The Political Revolution in Brazil

The Political Revolution in Brazil

Brazil’s Bolsonaro signals cooperation with transfer of power, but does not concede election defeat

Bolsonaro, along with former army officers, has been a polarizing figure within Brazilian politics since he entered the upper house of congress in January 2018. His rise to power was the culmination of a backlash against the corruption scandals that swept through the country in the ’70s and ’80s, and which culminated in a military coup attempt in 1964.

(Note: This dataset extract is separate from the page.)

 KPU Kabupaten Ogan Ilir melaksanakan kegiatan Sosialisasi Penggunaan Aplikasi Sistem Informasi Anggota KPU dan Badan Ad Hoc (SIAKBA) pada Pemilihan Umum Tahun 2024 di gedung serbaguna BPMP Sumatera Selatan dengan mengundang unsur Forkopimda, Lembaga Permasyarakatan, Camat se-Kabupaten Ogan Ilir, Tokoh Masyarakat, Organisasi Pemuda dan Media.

By David Sternberg and João Pedro Vargas

November 5, 2018 20:06 GMT

Brazilian President Jair Bolsonaro, center, arrives for his inaugural address, in Brasilia, Brazil October 25, 2017. Credit: Reuters/Ricardo Moraes

Nearly a year after Brazil’s presidential election, in which Bolsonaro emerged as the victor in the first round of voting, the world’s largest country is beginning to grapple with the ramifications of a historic change in political leadership. With a new president arriving in Brasilia that will have a mandate to transform the country, what will happen with the legislative and judicial branches of government over the next year? What will the country’s powerful military do next? And how, exactly, will Brazil’s political life look one year into the presidential term of the man who replaced one government-appointed president with another?

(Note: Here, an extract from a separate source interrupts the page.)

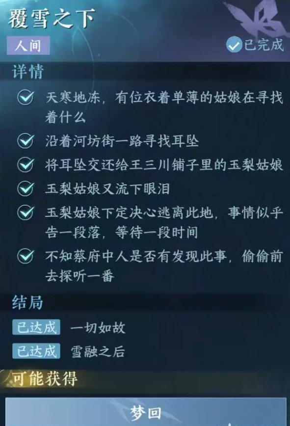 《逆水寒手游》人间任务覆雪之下任务攻略

We speak to a journalist who lived in Brazil during the final years of the military government that lasted for almost two decades and who witnessed the Bolsonaro rise to power, and a political analyst who has been writing about him since his first campaign. He says Bolsonaro’s electoral success is “nothing new” and “can’t be characterized as a surprise.” But the analysts, who call himself and his colleagues “the right-wing alternative to the left-wing alternative,” said Bolsonaro’s political rise is a bit like “turning on a hot stove the next day.” And that’s because Bolsonaro promised in his campaign to remove a corruption scandal from the first-round ballots of the elections, an attempt to “restart democracy” by winning in the first round, analysts said.